A New Shift Arrangement for Hyundai and Kia Workers

Beginning onĀ March 3, workers at Hyundai and Kia plants have worked under a new shift arrangement that reduces night work as well as overall working hours. For several decades, Hyundai, Kia and other Korean automakers generally operated on a double 10-hour shift system, which consisted of 8 hours of regular work and 2 hours of pseudo-regularized overtime work each shift. The second shift lasted through the night. The new system, however, calls for an 8-hour day shift and a 9-hour afternoon shift. The first shift runs fromĀ 6:40 am to 3:20 pm, while the second shift runs from 3:30 pm until 1:10 am.

Among OECD countries, the average working time for Korean workers tops the list. In 2011, the annual work hours for workers in Korea stood at 2,111 on average, a figure 419 hours higher than the 2010 OECD average of 1,692 hours. At Hyundai, workers paid by the hour worked 2,488 hours on average in 2010. 19% of such workers at Hyundai (or 5,151 persons) worked more than 2,700 hours that year.

One of the reasons behind the extremely long working hours is the wage structure used by Korean automakers. Management has kept the basic wage rate so low that workers have to work overtime and even on the weekends and holidays to make a decent living. Roughly 30 percent of compensation is composed by pay for overtime and holiday work. The new shift arrangement was, therefore, expected to reduce the level of total wages accordingly. For this reason there were drawn-out and painful negotiations before the new shift arrangement was introduced.

Management and labor union first agreement to end night work in 2002, but it took ten years from then on before the two sides could reach a final agreement on how this would occur. The union demanded that management adopt the new shift system without lowering wages, intensifying the work load or increasing employment insecurity. Management, on the other hand, wanted to maintain the level of production.

The two parties finally reached an agreement in 2012. They agreed to maintain production volumes at their current level at the time the agreement was concluded. They also agreed to maintain the total wage level. To do so, the union accepted an increase in line speeds by 30 units per hour at all factories (from 402 to 432 units for all of five factories in Ulsan and one plant in Asan) and made minor changes in work schedules to increase working hours. (Regular overtime work for the afternoon shift is actually one hour and twenty minutes.) On the other hand, the management agreed to invest in additional equipment needed to attain the higher level of productivity.

There are, however, several problems with this agreement. The additional investment that Hyundai management announced does not include a budget for hiring new workers. The global automaker has made a phenomenal amount of profits for the past few years. These profits were made possible in principal because of the use of numerous precarious workers on the production line and by squeezing parts suppliers and other service providers. Two in-house subcontracted workers have carried out a high-altitude protest atop a power transmission tower for more than 200 days and the numerous cases in which company has forced suppliers to agree to unfavorable supply contracts by using its advantageous bargaining position are well known.

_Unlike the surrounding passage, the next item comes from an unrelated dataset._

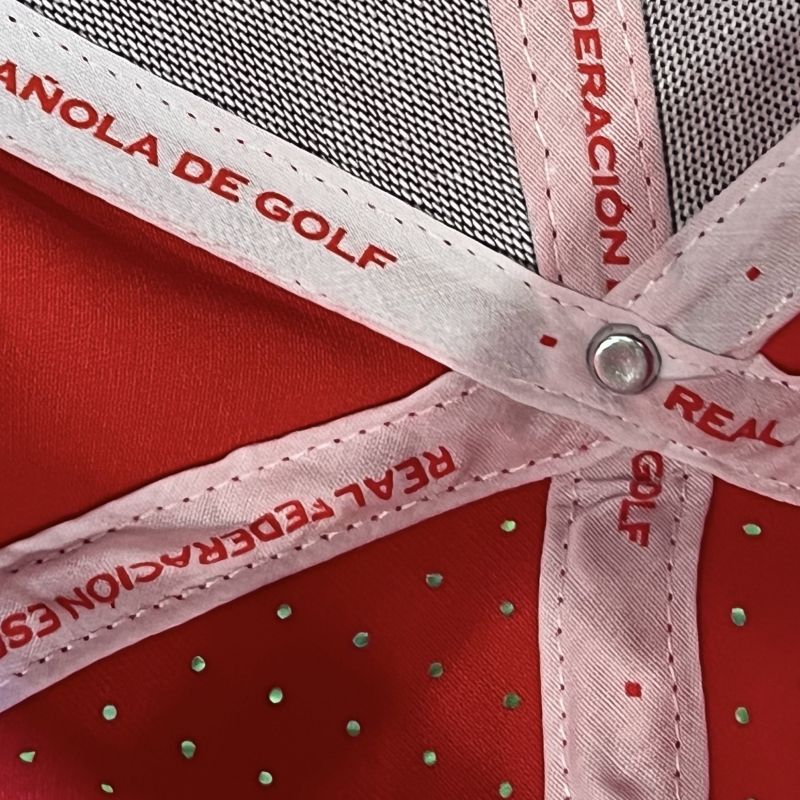 En el interior, las cintas transversales personalizadas con la inscripción “REAL FEDERACIÓN ESPAÑOLA DE GOLF” aportan un acabado premium distintivo.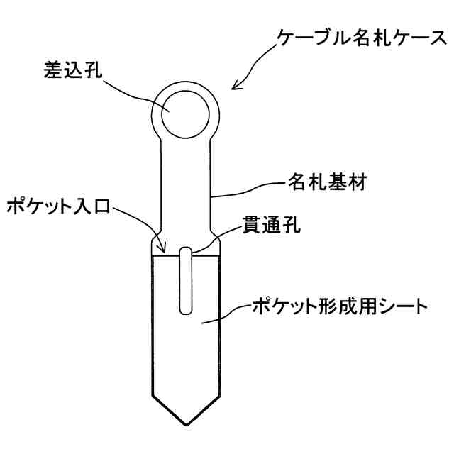 本物品は、各種ケーブルに名付け等をする際に使用されるケーブル名札ケースである。本物品は、所望の番号や記号、文字等を記載した名札シートをポケット内に収納して使用される。「各部の名称を示す参考図」や「各部の名称を示す参考右側面図」に示すように、本物品は、名札基材の下部にポケット形成用シートが貼着されており、名札基材の下部とポケット形成用シートとの間で、名札シートを収納可能なポケットが形成されている。このポケットは、上方にポケット入口を有する。なお、ポケット形成用シートは、透明材料から形成されており、「名札シートをポケットに収納した状態の参考図」に示すように、名札シートに記載されている番号や記号、文字等を外部から視認可能に構成される。また、名札シートがポケット内に収納された本物品は、「ポケット形成部分を差込孔に通した状態の参考図」や「ポケット形成部分を差込孔に通した状態の参考右側面図」に示すように、ケーブルに巻く形態でポケット形成部分を差込孔に差し込んで通してケーブルに取り付ける。本物品は、ポケット入口に重なる位置に、名札基台及びポケット形成用シートを共に貫通する貫通孔が形成されているため、ポケット入口部分を、「効果を説明する参考図」に示すように、名札基台とポケット形成用シートとを共に左右方向から押し込むことで、ポケット入口が開きやすくなり、ポケット内に名札シートが収納しやすくなる。また、例えば、貫通孔を介して、手指や棒状体を用いて名札シートを動かすことかできる。

Considering these facts, the decrease in working hours should be accompanied by an increase in employment, which would enable the redistribution of unfairly accrued profits back into the society. Hyundai has not agreed to do this.

Moreover, the line speed increase without regular overtime work means that in the case of an economic slowdown workers are likely to see their jobs threatened. If the market conditions changes and demand for Hyundai vehicles goes down, management is likely to consider the existing equipment, facilities and workforce as overcapacity. In such a situation, regular workers as well as precarious workers will find their jobs under attack.